Dekker Curry

Personal information
- Full name: John Desmond Curry
- Born: 20 December 1966 (age 59) Strabane, County Tyrone, Northern Ireland
- Batting: Left-handed
- Bowling: Right-arm off-break
- Role: Bowler
- Relations: Christopher Dougherty (nephew)

International information
- National side: Ireland;

Career statistics
| Competition | First-class | List A |
| Matches | 2 | 11 |
| Runs scored | 54 | 141 |
| Batting average | 13.50 | 14.10 |
| 100s/50s | 0/0 | 0/1 |
| Top score | 41 | 75 |
| Balls bowled | 60 | 204 |
| Wickets | 1 | 4 |
| Bowling average | 16.00 | 36.25 |
| 5 wickets in innings | 0 | 0 |
| 10 wickets in match | 0 | 0 |
| Best bowling | 1/12 | 2/42 |
| Catches/stumpings | 0/0 | 3/0 |
- Source: CricketArchive, 2 May 2016

= Dekker Curry =

Irish cricketer

John Desmond "Dekker" Curry (born 20 December 1966) is a Northern Irish former cricketer. A left-handed batsman and right-arm off-break bowler, he made his debut for the Ireland cricket team against an England Amateur team in July 1992, and went on to represent Ireland on 50 occasions, his last game coming against Scotland in the 2001 ICC Trophy.
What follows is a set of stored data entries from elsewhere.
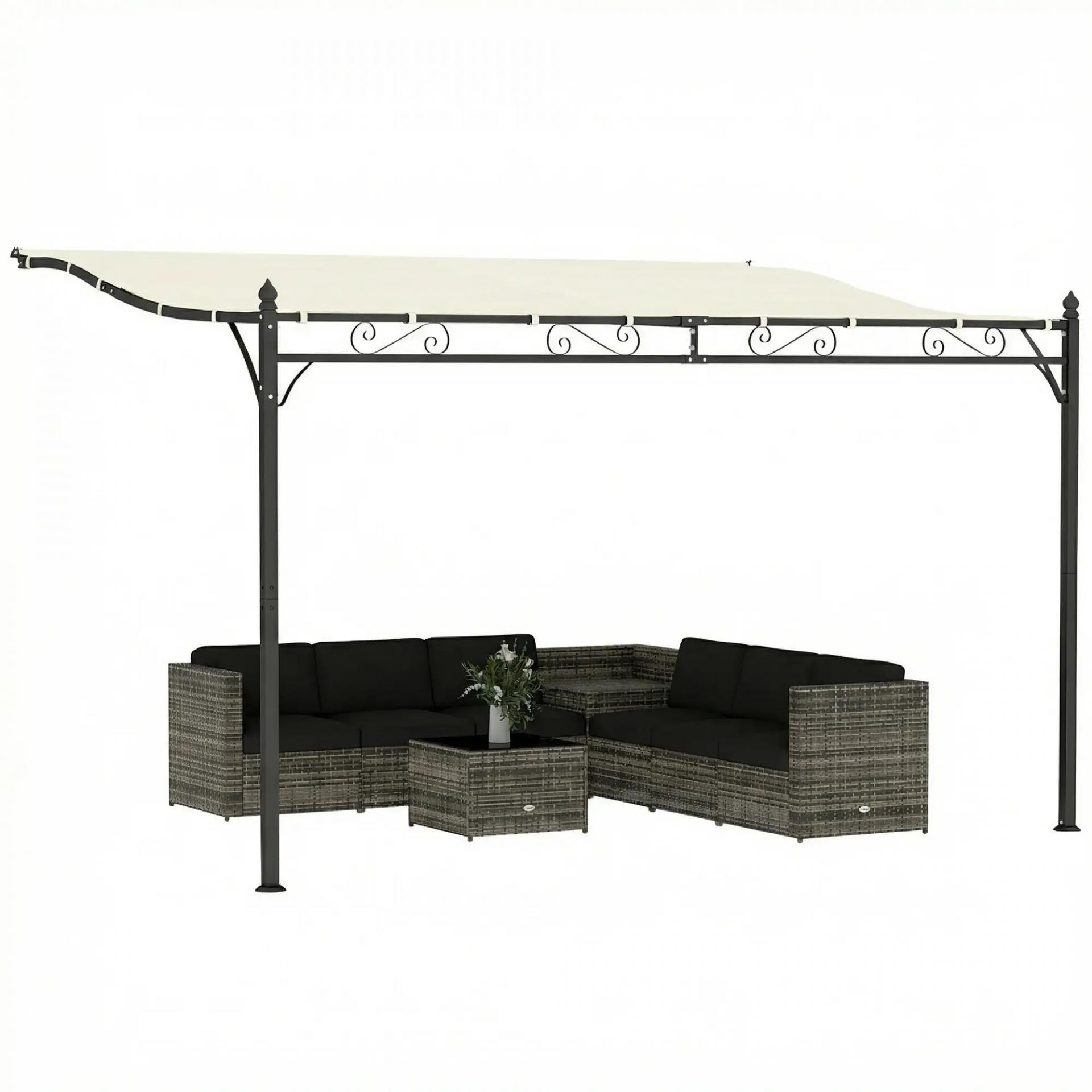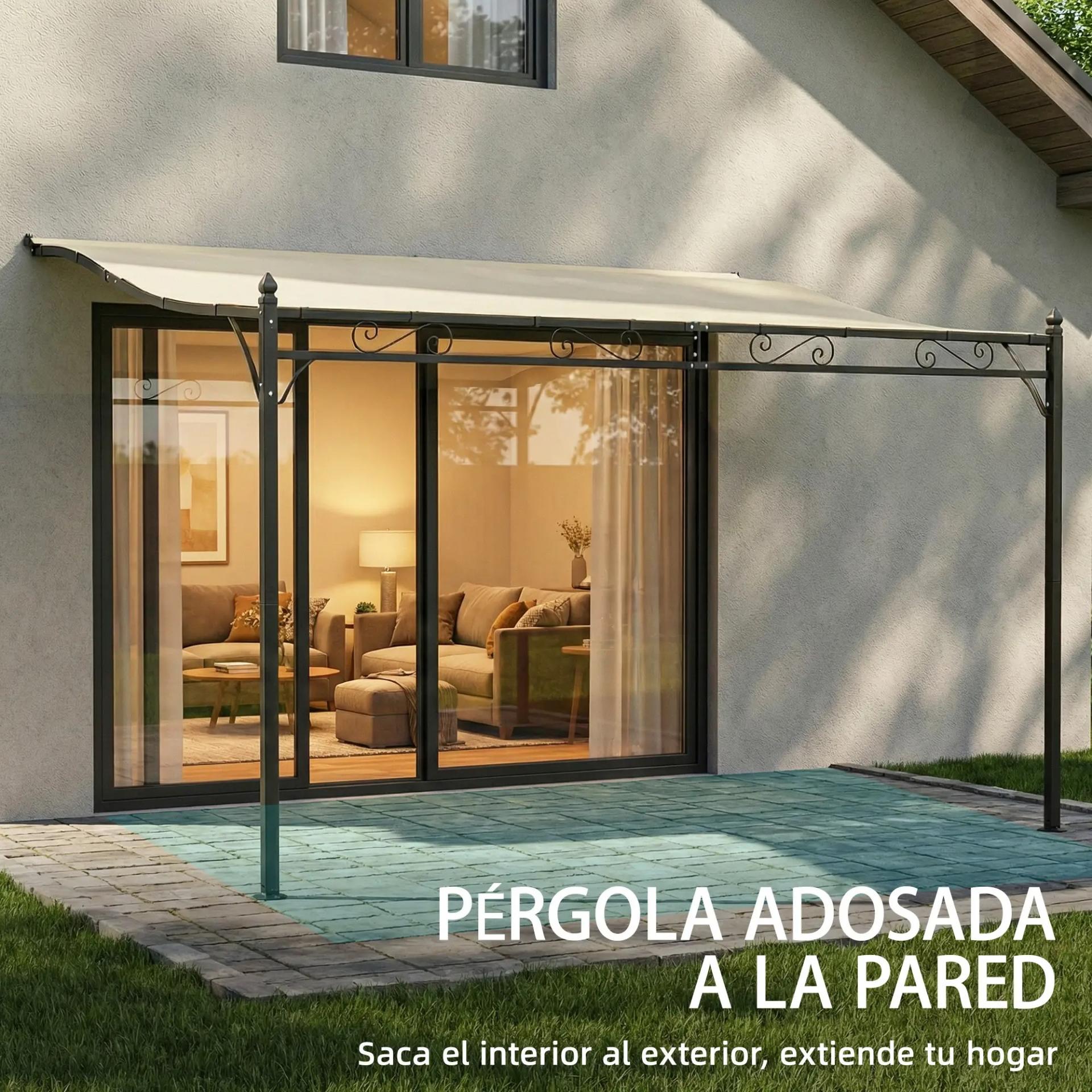 Pérgola de Pared 2,5x3,5 m con Techo Inclinado Orificios de Drenaje y Estructura Metálica Blanco Crema
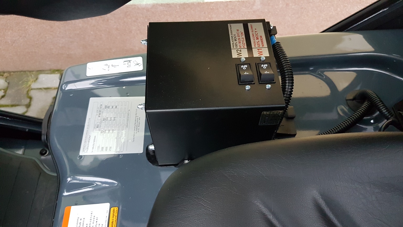| OPS | Czujnik Obecności Operatora - Pozwala na pracę wózka w momencie zajęcia odpowiedniej pozycji przez operatora. |
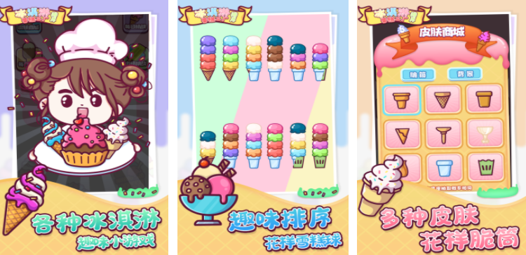很多人体验游戏就是为了能够休闲解压,冰淇淋,雪糕工厂排序就是一个非常解压的竖屏游戏,挑战开启之后会有大量的冰淇淋,每一个上面都会有不同口味的冰淇淋球,玩家需要在规定的时间内,按照不同的颜色分类,每次挑战这些冰淇淋球的顺序都不一样,另外这些冰淇淋脆筒也支持皮肤更换,可以来游戏里通过点击的方式,完成这些冰淇淋的排序。

Of his matches for Ireland, two were first-class matches against Scotland and eight had List A status. In all matches for Ireland, he scored 1193 runs, his top score (and only century) coming against the Earl of Arundel's XI in June 2001, when he scored exactly 100. He also took 33 wickets, his best bowling being 3/28 against the USA in the 1997 ICC Trophy.

He was man of the match in Ireland's famous win over Middlesex in the 1997 Benson & Hedges Cup.

He represented Ireland in the ICC Trophy in 1994, 1997 and 2001, and at the 1996 European Championship. He also represented Northern Ireland in the cricket tournament at the 1998 Commonwealth Games.